One of those clients, Cori Reali, told Dallas news station WFAA that she paid $115 for one of Davis’ plans but never received specific feedback.

“The red flags started to go up,” Reali said. “I was not individualized. I was not part of this ‘Team Brittany Dawn.’ It set me back. It actually pushed me back into my eating disorder.”

In 2018, her customers created a Facebook group called “Brittany Dawn Fitness Business Complaints” where they would share their experiences. A petition to “Stop Brittany Dawn Fitness Scams” collected more than 15,000 signatures.

In February 2019, she posted a YouTube video where she said she was “sincerely sorry.”

That same month, she also appeared on Good Morning America to apologize and admitted to asking clients she refunded to sign non-disclosure agreements.

“I jumped into an industry that had no instruction manual,” she said. “I’m basically going through uncharted territory, and I’m doing the best that I can to the best of my ability.”

Davis later deleted her apology video.

The Texas Attorney General filed a lawsuit on behalf of the state against Davis three years later.

According to the lawsuit, for years Davis sold thousands of clients her fitness plans, even calling herself an “eating disorder soldier,” suggesting she was an expert on the subject with “special training.” Court documents said that at least 14 of Davis’ customers had eating disorders that Davis failed to properly address in the coaching plans she sold them.

What do we know about the settlement?

Details surrounding Davis’ settlement have not been made public. Davis’ attorneys and the Texas Attorney General’s Office did not immediately respond to requests for comment. According to the Dallas Morning News, a court coordinator said details will be nailed down during a final hearing which has not been scheduled yet.

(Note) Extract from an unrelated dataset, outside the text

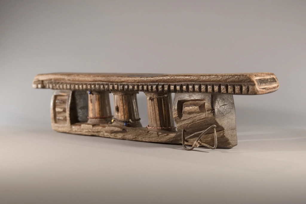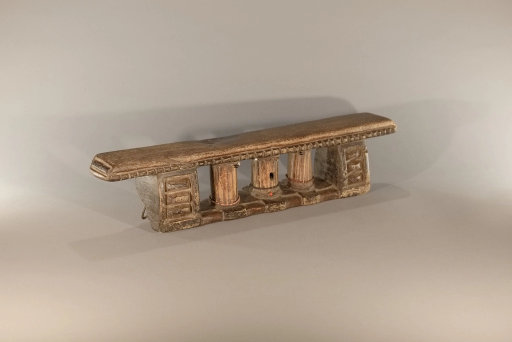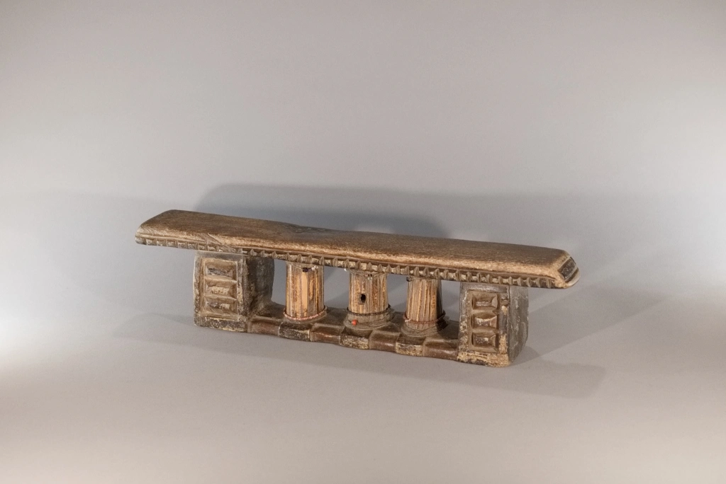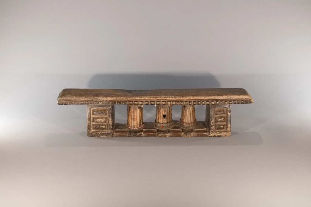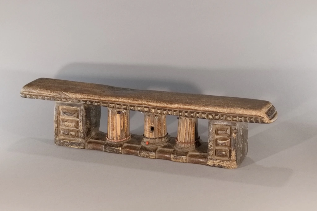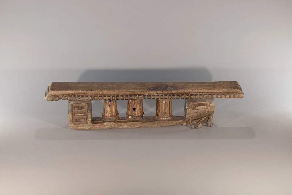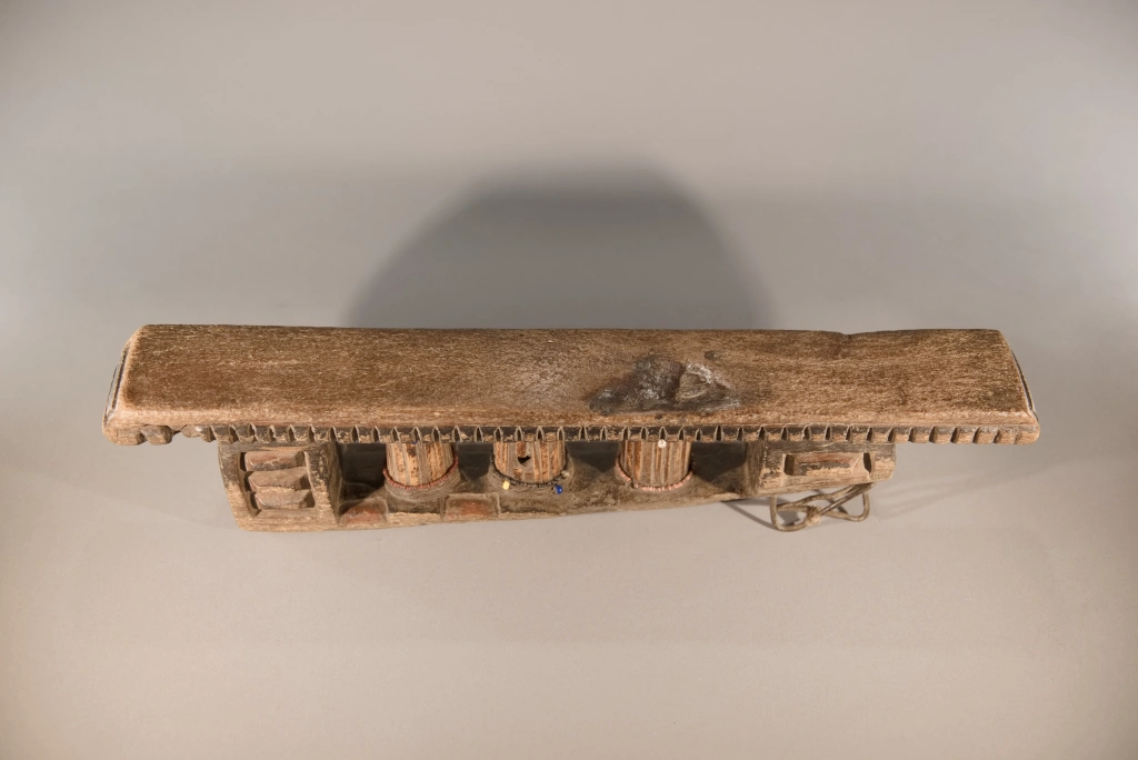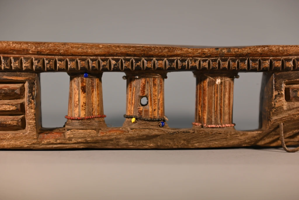 Une superbe pièce extrêmement ancienne, probablement de la mi-XIXe siècle. Ses trois petites colonnes centrales à facettes sont tellement patinées qu’elles ont acquis, au fil des siècles, un aspect d’ivoire absolument magnifique. On notera que ces trois colonnes sont cerclées d’un bracelet de perles coloré, ajouté par l’un des descendants propriétaires de l’objet au cours du XXᵉ siècle, ces décorations étant apparues à partir de la mi-XXe siècle. Les chocs et éclats visibles sur la base et la barre d’appui, stigmates du temps, n’altèrent en rien l’équilibre entre force et finesse de cette pièce exceptionnelle.

The Attorney General’s Office was initially seeking up to $1 million in penalties and court fees.

As noted by Kelsey Weekman, who initially covered Davis’ lawsuit for Buzzfeed News, the lawsuit legitimized influencers as businesspeople that should be held as accountable as any other company.

“As it stands, when customers aren’t happy with the products influencers have sold them, they are often dismissed for buying into the fictional narrative that social media makes it so easy to craft,” Weekman said. “This lawsuit from the state of Texas took the testimonies of more than a dozen people who said they felt deceived by Davis and treated their stories with the same seriousness as a brick-and-mortar business. But without a verdict, the case is not likely to have a broad impact.”

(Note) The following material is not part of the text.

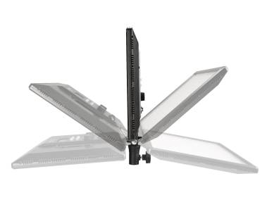 Multifunktionale LED-Stativleuchte mit äußerst flachem Gehäuse und den Beleuchtungsarten blendfreies Weißlicht, gerichtetes Weißlicht und farbiges Licht sowie 17 Spezialeffekten, die alle individuell angepasst werden können. Inklusive Netzteil.
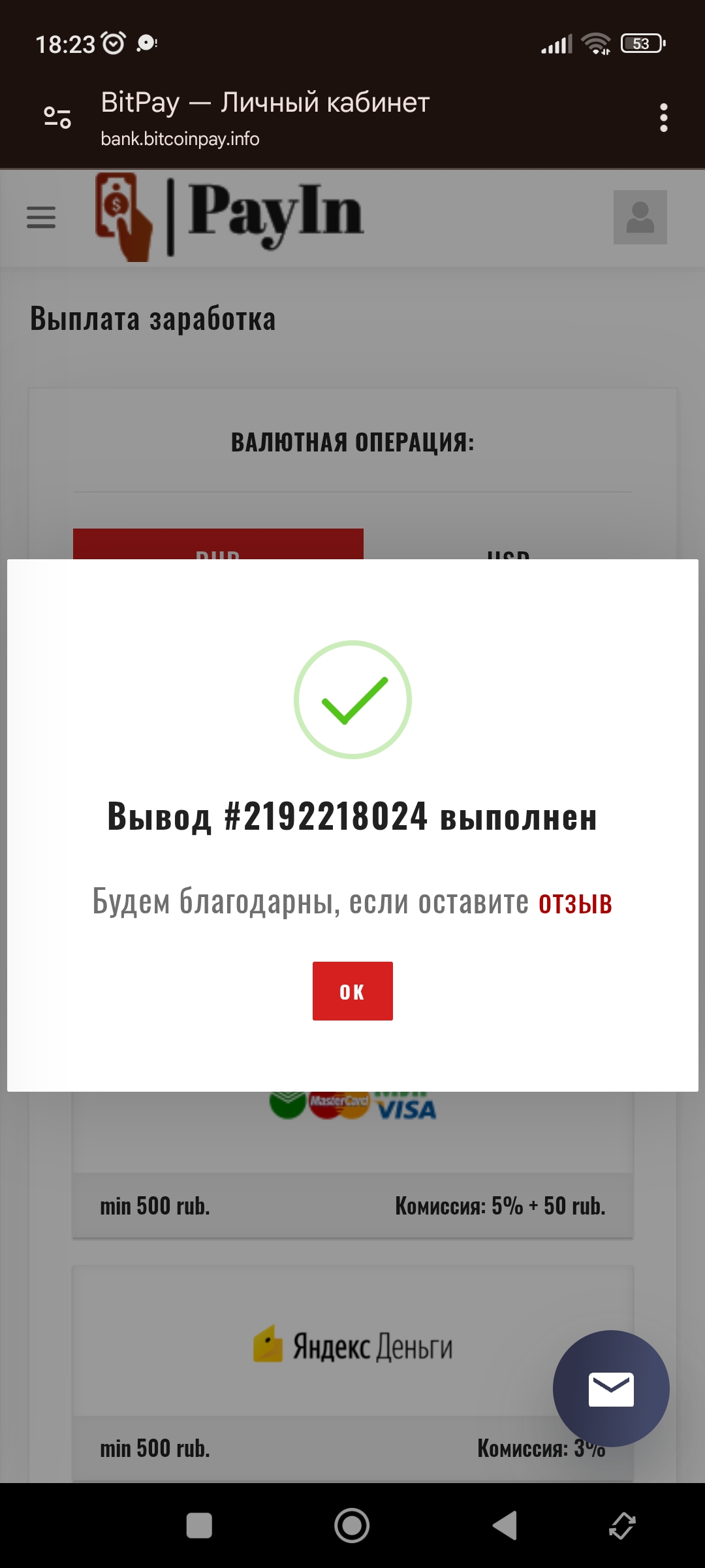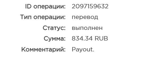 Пришла очередная выплата! Выводы приходят мгновенно и это говорит о надежности проекта! Желаю проекту очень хорошего развития а также всем стать финансовосвободными и независимыми! Пусть проект работает еще ни один год и только приносит всем радость!

Dawn has not recently addressed the media regarding the lawsuit, but has teased a Brittany Dawn Fitness tell-all on her social media channels and in her new podcast.

Where is Brittany Dawn Davis now?

Davis, now 32, remains active on social media but recently shifted her focus to faith, posting about Christianity and her new foster parenting journey.

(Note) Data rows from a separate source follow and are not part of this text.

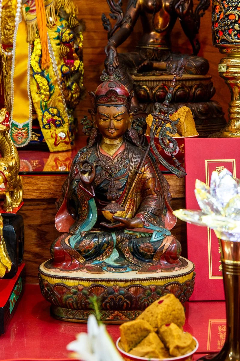 Padmasambhava, known as Guru Rinpoche, is credited with bringing Buddhism to Tibet and mastering tantric practices. Often depicted seated on a lotus and holding a vajra and a skull cup, symbols of enlightenment and spiritual power, he is revered as a protector of the dharma and a guide in overcoming challenges. Worshipers pray to him for wisdom, protection, and success in spiritual endeavors.
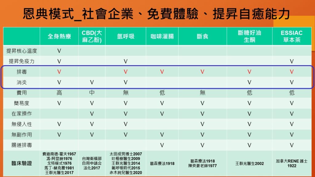 • 戈特模式是以熱療為核心,提昇身體核心溫度,觸發人體發燒機制,喚醒免疫細胞的無毒療法
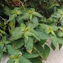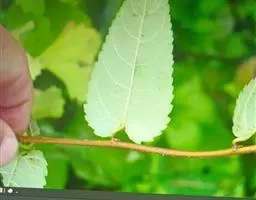 叶互生,纸质,叶片卵形或卵状披针形,稀椭圆形,长6-13厘米,宽2-5.5厘米,顶端渐尖,基部渐狭或短尖,有时钝,边缘有尖的腺状密锯齿,齿间距1-2毫米;中脉两面均凸起,背面尤著,侧脉6-10对,弧形上升,离缘2-3毫米弯拱网结,网脉明显;叶柄长2-5毫米,无腺体;托叶小,腺体状,长约0.5毫米。
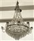 Lampadario a cesto a otto luci con struttura in metallo e pendenti in vetro sfaccettato (h. cm 95) (difetti)
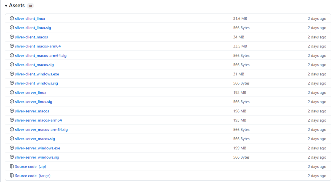 Sliver官方提供了不同客户端及服务端的安装文件,包括windows、linux和macos系统,基本覆盖了流行系统,做到了大部分平台适配,下载地址为https://github.com/BishopFox/sliver/releases。如下图所示:
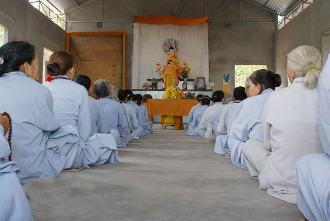 Được biết, đây là ngôi chùa vùng xa, nhiều công trình nâng cấp vẫn còn dở dang vì thiếu kinh phí, nhưng Thầy trụ trì chùa Pháp Hiển đã cố gắng hết sức mình để xây dựng giảng đường cho Phật tử có chỗ tu học. Lần tu đầu tiên được khai khóa vào tháng 5-2008 và duy trì cho đến ngày hôm nay, mỗi khóa ước tính có hơn100 Phật tử về tu học.
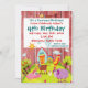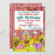 Personalize this birthday party template with your own party details. Features a cute Barnyard Farm Animals theme with a printed red barn wood rustic background. Has a colourful and funny rooster, cow, pig, sheep, barn, windmill, apple orchard, sun, and flowers. The wood is just a printed design, not actual wood.
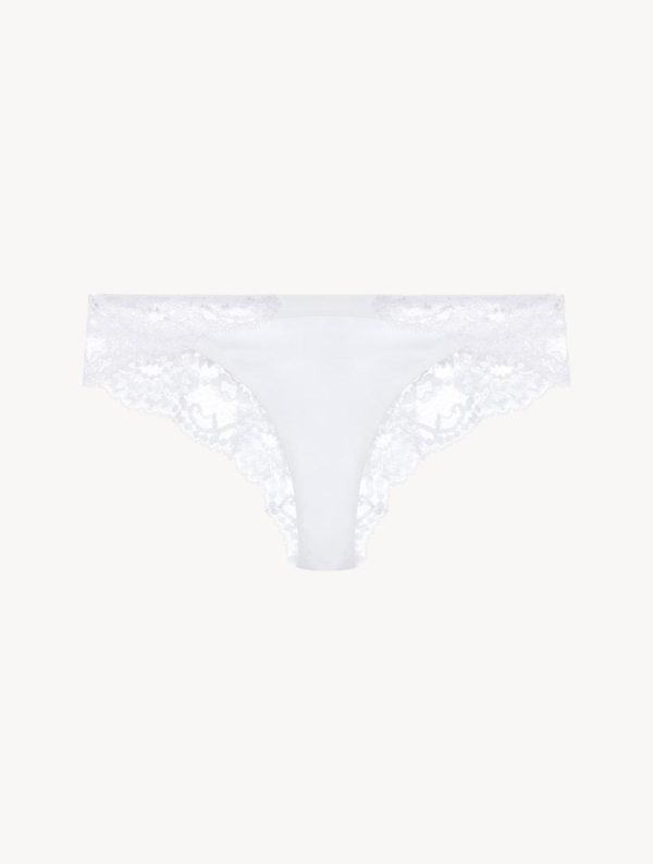 Brazilian briefs in floral stretch Leavers lace and stretch cotton jersey. A versatile, comfortable and elegant piece of underwear.
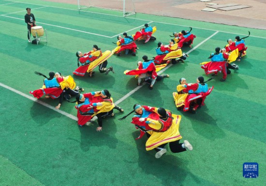 3月20日,隆化县职教中心学生在练习国家级非遗项目“二贵摔跤”(无人机照片)。
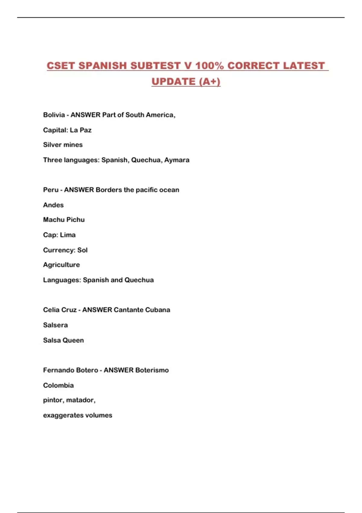 CSET SPANISH SUBTEST V 100% CORRECT LATEST
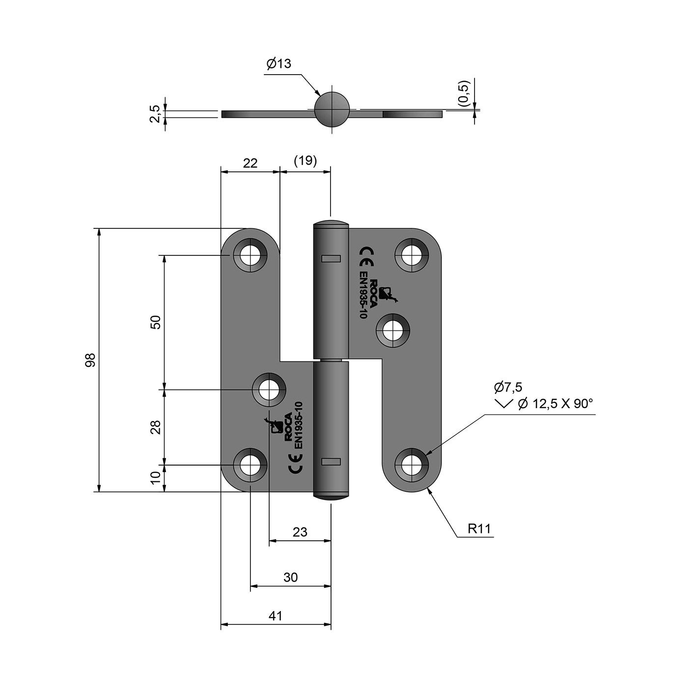 Finns som höger (HÖ) eller vänster (VÄ). Gångjärnet är tappbärande. Passande skruv STFX 5,0 x 30 RF, medföljer inte.
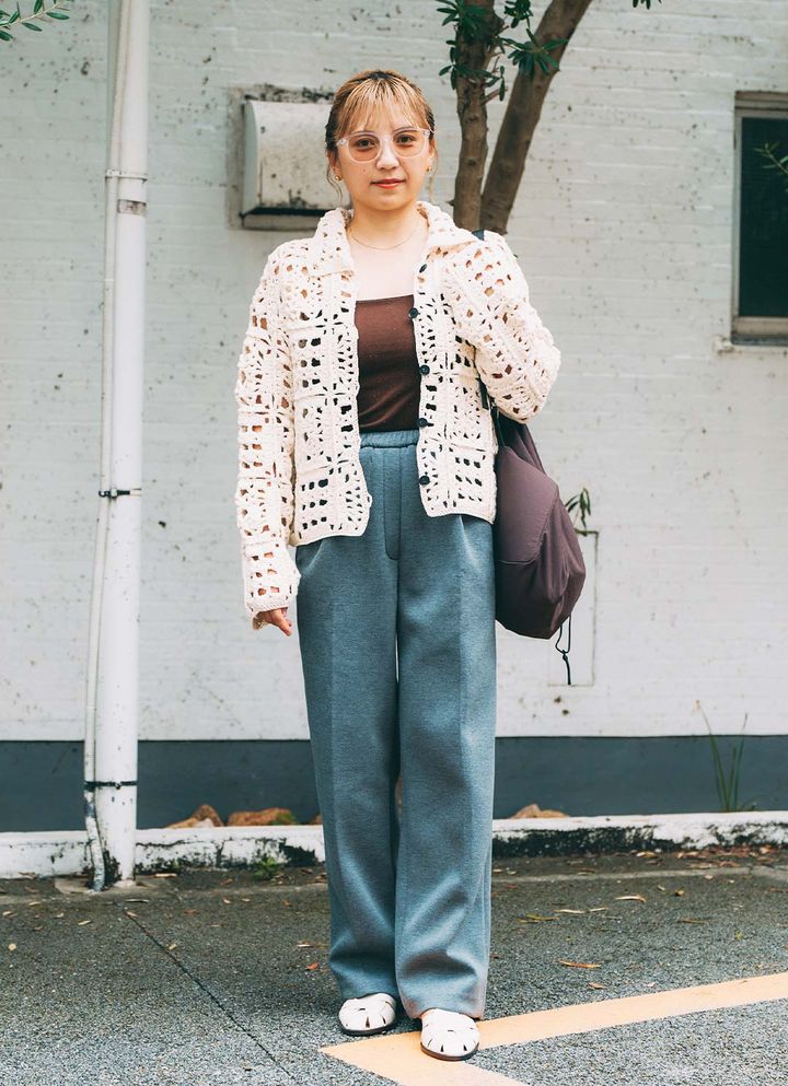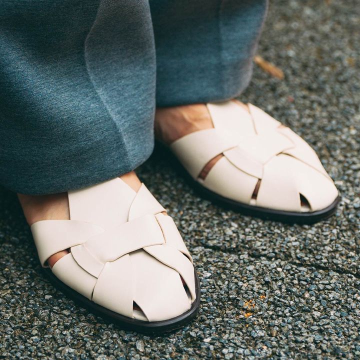 つま先が隠れてるサンダルシューズは、程よい上品見えを叶えてくれる。ホワイトカラーをセレクトして、軽やかな足元にアップデート!

“Fitness and health are no longer my identity. My identity is in Christ,” she said in a video about her rebrand.

Moving away from her accountability era, Davis now also postures herself as a “cancel culture” victim.

“The world watched me as I … got labeled every cringey, false, scathing title possible during the fallout,” she said on an episode of her podcast, Chiseled and Called. “No one wants to go through a lawsuit … but guess what? It happens. Life happens.”

By pivoting her persona from fitness to Christian lifestyle content, Weekman noted, it’s possible many of Davis’ new followers will have no idea she faced a lawsuit for deceptive business practices.

While Davis doesn’t sell fitness programs anymore, last year she launched She Lives Freed — a Christian ministry that hosts conferences and retreats that range in admission from around $100 to $600. She also maintains an Amazon Storefront and sells Lightroom photo presets online.